With Brazil hosting the 2014 World Cup, everything was on the line for the Brazilian team. Everything was going smoothly for the Brazilians until they faced Germany in the semi-finals. During the match’s 11th minute, the Germans started their reign of terror when Thomas Muller sidefoots the ball towards the goal. In just 30 minutes, Germany was able to score 5 goals against Brazil, marking the end of the host nation’s run to the World Cup championship. The match will forever go down as a “national humiliation” for the Brazilians.
After the world saw Spain winning the 2010 World Cup against the Netherlands, a sequel match between the two teams happened during the next World Cup. The Spaniards drew first blood, with Xabi Alonso scoring the penalty. But that’s where the Spaniards’ reign over the Dutch ends. Robin Van Persie’s insane header (one of the best head goals) equalized the game. With another assist by Daley Blind, Arjen Robben scored the second goal for the Dutch team. Suffice to say, the Dutch annihilated the defending champions with a 5-1 win.

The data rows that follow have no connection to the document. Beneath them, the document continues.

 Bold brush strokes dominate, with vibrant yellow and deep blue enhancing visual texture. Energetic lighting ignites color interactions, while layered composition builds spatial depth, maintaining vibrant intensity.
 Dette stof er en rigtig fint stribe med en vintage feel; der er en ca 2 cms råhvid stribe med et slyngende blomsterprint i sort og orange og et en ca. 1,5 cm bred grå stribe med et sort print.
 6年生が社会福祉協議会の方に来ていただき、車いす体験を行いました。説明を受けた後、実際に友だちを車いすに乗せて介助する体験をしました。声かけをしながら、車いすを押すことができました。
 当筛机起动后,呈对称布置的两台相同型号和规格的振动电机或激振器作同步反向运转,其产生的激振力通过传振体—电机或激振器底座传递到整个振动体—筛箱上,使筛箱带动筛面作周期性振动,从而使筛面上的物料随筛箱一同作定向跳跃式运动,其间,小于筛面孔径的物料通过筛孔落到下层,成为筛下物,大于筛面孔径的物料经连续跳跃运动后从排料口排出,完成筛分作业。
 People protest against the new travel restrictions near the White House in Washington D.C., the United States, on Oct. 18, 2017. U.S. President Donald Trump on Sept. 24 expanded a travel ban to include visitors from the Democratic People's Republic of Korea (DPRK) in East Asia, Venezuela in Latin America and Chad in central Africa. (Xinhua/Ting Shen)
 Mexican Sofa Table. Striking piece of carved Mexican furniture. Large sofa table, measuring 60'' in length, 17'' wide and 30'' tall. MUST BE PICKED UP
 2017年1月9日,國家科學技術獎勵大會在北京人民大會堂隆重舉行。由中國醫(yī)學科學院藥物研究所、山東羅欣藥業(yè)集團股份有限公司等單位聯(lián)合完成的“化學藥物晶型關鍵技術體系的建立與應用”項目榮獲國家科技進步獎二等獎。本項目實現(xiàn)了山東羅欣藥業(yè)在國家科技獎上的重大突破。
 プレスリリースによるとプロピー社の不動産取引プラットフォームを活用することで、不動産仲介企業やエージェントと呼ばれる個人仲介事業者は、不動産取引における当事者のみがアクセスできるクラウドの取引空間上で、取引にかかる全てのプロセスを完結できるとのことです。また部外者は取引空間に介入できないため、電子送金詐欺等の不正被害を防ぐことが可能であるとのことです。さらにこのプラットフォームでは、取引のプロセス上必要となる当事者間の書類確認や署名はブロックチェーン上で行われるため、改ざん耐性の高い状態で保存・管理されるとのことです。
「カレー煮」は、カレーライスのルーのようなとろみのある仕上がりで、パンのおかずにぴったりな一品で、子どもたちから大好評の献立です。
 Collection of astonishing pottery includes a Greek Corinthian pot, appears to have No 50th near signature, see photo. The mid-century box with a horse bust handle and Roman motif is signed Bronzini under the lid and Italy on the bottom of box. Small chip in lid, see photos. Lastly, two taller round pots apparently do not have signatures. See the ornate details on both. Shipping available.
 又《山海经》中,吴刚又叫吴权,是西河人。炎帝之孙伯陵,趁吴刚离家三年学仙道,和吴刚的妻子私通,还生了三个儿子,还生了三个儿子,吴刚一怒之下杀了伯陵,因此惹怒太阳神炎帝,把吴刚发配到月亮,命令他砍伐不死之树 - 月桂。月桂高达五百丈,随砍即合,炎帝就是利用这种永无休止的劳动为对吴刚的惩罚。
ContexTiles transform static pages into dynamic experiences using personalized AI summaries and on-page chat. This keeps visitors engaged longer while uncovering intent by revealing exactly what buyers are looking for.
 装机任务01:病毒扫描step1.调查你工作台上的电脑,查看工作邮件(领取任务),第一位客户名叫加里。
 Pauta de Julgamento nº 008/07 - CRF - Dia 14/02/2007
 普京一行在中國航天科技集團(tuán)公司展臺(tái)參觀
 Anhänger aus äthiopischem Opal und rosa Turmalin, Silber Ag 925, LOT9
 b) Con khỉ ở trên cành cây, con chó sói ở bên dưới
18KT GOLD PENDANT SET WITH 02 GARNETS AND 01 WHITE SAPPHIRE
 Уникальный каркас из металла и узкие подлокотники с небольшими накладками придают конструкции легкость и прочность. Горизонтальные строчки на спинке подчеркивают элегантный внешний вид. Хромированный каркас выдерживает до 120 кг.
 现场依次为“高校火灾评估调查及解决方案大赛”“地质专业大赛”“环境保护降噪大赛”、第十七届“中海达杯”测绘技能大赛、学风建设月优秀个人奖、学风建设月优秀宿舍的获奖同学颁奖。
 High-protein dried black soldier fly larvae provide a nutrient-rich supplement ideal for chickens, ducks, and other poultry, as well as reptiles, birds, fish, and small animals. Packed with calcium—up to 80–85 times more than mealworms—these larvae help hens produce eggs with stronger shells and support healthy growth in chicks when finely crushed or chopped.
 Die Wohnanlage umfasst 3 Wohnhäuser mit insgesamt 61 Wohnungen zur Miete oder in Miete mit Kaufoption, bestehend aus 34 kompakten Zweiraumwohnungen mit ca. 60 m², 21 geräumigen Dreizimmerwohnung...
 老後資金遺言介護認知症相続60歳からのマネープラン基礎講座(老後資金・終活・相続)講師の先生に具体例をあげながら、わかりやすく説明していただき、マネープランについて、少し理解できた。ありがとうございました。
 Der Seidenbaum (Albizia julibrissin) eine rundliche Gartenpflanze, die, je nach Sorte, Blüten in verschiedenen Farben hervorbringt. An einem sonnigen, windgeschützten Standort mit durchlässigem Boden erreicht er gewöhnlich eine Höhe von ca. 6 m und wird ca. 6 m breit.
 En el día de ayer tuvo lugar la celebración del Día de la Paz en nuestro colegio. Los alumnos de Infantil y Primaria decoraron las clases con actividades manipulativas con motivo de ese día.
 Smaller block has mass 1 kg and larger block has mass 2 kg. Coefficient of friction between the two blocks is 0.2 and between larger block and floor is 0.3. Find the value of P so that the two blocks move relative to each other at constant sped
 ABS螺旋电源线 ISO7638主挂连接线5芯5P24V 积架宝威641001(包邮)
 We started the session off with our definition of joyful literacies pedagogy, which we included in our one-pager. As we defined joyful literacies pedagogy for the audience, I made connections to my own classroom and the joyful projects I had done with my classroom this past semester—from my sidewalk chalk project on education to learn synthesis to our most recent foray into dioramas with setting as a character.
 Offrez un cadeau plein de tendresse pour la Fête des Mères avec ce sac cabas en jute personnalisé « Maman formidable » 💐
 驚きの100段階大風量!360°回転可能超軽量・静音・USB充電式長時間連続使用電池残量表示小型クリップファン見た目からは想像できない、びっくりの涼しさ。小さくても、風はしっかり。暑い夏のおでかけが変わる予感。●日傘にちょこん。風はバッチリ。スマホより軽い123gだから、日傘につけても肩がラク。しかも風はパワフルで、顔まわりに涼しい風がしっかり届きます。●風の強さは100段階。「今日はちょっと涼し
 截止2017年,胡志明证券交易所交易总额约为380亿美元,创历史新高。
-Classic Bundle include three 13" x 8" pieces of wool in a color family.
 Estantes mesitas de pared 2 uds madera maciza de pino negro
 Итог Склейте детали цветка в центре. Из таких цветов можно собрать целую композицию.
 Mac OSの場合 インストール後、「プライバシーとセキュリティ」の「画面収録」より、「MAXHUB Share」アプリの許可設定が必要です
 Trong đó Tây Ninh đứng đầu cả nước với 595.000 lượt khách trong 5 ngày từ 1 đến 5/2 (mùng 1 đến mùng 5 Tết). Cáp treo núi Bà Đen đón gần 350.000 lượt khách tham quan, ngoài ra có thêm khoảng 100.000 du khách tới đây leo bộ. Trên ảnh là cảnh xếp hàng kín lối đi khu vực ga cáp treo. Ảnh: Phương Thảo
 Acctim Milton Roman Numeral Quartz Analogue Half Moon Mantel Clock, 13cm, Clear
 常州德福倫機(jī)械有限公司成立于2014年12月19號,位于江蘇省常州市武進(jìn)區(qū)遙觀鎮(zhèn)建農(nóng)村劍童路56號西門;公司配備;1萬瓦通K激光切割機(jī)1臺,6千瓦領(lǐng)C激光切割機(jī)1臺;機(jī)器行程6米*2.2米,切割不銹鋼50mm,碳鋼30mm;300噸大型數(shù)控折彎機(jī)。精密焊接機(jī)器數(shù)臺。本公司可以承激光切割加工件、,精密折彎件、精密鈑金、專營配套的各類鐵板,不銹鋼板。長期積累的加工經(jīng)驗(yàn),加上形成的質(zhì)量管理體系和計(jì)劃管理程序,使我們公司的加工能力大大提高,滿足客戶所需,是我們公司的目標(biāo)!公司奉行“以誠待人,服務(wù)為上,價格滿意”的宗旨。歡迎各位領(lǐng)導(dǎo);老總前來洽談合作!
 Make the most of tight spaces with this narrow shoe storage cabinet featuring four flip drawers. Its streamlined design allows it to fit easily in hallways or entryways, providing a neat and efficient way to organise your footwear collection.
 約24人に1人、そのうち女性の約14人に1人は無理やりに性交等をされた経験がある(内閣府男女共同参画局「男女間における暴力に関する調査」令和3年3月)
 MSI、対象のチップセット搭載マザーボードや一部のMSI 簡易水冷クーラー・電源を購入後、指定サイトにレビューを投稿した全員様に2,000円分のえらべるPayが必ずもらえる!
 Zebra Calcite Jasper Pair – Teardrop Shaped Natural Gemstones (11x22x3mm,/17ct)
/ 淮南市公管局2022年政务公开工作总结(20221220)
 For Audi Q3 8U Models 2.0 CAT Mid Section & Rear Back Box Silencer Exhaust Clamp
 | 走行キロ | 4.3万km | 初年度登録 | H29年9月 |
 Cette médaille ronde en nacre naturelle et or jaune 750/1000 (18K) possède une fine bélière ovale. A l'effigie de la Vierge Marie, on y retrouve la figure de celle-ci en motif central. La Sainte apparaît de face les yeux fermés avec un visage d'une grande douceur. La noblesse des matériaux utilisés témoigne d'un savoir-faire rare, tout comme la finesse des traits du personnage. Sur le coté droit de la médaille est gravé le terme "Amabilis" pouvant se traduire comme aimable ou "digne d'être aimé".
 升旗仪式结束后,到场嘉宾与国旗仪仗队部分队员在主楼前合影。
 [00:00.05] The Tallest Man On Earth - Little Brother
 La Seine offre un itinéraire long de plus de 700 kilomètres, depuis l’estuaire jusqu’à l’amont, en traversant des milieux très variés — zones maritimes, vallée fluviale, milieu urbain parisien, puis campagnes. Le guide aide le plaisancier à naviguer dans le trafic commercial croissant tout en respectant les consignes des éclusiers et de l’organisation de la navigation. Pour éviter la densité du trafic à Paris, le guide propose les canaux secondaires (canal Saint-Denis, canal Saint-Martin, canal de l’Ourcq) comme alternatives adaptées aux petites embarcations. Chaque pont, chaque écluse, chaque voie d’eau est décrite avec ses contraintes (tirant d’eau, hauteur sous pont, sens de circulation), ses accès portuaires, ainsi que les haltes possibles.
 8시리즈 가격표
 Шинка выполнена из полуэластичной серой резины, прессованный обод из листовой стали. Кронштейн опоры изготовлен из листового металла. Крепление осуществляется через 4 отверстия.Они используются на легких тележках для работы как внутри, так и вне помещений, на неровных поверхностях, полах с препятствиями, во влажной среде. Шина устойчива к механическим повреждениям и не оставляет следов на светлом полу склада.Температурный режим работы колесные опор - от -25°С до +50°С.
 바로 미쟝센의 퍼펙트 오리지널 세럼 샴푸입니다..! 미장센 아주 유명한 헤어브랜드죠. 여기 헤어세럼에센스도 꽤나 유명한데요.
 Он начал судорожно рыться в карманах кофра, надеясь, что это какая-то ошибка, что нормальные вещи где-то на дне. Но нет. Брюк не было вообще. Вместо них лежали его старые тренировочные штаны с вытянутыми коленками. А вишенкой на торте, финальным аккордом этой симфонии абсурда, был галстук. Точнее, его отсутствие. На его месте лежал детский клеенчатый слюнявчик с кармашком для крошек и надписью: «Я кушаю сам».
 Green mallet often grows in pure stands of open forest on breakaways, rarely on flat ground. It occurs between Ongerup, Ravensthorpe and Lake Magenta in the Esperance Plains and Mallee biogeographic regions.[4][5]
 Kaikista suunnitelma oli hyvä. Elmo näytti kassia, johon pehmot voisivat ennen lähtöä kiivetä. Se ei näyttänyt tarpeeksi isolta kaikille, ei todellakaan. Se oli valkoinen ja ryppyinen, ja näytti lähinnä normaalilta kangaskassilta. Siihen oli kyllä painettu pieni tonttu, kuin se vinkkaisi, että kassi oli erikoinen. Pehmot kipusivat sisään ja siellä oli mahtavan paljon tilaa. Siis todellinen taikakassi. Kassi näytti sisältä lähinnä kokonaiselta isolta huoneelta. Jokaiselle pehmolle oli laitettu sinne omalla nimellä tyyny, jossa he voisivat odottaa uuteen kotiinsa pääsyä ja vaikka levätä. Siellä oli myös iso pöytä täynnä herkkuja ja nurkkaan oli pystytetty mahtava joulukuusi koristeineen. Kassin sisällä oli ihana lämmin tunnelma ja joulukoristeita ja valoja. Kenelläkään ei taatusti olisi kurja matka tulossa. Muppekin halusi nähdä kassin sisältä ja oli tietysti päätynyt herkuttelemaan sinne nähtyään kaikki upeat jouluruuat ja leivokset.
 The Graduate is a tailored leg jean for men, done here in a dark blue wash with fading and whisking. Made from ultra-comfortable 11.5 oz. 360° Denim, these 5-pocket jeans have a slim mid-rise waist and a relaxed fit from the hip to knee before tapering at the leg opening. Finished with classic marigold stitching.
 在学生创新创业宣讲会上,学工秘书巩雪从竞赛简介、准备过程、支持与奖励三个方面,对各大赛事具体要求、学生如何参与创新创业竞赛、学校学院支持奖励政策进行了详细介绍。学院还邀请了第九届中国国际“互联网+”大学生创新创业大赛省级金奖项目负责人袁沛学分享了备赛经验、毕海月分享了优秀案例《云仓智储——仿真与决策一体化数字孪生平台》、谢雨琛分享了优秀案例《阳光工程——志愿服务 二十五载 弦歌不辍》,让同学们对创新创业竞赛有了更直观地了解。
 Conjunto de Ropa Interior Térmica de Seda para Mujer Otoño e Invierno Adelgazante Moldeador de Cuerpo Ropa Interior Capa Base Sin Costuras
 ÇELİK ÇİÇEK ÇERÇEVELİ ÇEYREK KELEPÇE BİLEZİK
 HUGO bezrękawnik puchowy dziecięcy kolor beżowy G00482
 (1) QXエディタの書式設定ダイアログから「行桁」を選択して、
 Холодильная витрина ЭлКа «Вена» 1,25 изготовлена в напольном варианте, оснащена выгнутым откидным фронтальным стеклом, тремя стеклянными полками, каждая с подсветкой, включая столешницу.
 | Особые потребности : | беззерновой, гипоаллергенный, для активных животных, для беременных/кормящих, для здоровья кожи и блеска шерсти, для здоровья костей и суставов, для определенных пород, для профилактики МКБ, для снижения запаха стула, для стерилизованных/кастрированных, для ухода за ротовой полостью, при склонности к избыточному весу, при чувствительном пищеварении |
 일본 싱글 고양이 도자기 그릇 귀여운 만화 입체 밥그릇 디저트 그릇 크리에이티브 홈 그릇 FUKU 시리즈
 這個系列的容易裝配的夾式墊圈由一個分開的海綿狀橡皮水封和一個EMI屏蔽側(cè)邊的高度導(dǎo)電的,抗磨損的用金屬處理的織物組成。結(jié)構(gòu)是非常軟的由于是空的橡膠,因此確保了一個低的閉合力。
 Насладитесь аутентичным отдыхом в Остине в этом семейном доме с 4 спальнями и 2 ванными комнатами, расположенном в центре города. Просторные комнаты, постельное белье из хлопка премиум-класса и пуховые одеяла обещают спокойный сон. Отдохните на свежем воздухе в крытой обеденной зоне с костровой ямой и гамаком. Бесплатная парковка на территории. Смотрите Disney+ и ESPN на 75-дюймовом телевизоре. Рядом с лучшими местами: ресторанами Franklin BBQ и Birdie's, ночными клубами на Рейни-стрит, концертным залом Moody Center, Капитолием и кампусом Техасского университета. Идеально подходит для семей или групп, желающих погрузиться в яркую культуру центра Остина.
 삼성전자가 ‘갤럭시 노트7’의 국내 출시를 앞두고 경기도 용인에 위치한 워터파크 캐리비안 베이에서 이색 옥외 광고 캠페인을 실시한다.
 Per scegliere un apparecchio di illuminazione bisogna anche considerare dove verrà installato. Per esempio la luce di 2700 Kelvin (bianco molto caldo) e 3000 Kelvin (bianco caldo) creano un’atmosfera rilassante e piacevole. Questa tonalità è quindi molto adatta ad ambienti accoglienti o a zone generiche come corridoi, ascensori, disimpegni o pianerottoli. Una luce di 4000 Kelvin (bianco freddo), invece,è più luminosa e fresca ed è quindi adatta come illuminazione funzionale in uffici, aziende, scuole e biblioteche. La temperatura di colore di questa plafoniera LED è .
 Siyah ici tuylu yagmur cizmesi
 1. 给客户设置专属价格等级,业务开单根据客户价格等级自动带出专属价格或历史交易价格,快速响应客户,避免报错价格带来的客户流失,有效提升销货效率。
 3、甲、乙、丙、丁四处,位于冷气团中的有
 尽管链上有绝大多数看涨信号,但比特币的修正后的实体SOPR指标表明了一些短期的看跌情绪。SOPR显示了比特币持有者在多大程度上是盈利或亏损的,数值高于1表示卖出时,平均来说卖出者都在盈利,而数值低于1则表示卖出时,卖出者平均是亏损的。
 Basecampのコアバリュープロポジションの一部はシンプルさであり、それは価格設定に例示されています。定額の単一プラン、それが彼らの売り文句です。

The sequel to their infamous 1986 World Cup match, the 1998 World Cup quarter finals match between the bitter rivals saw a dramatic exit for the English team and David Beckham receiving a red card. During the match’s first half, 18-year old Michael Owen gave his team a 2-1 lead when he skipped past several Argentine defenders.
During the second half, golden boy David Beckham was given a red card by referee Kim Milton Nielsen for kicking Diego Simeone. Argentina went on to win 4-3 on penalties, and Beckham was heavily vilified by the press.
One of the most controversial and iconic matches in World Cup history; the 1982 World Cup semi-final game between West Germany and France saw plenty of drama and goals. Seventeen minutes into the match and West Germany drew first blood. Ten minutes after saw France equalizing the game.
With the game tied at 1-1 at the end of regulation, France was up 3-1 on extra-time. French forward Patrick Battiston ran towards the goal but failed to see goalkeeper Harald Schumacher on his way. Due to the German’s violent strength, Battiston was knocked unconscious, lost two teeth, suffered three cracked ribs and damaged vertebrae. He was out for half an hour. A controversial decision saw Schumacher getting away with it; he didn’t receive a card or a foul. This resulted with Schumacher being dubbed as a “villain”.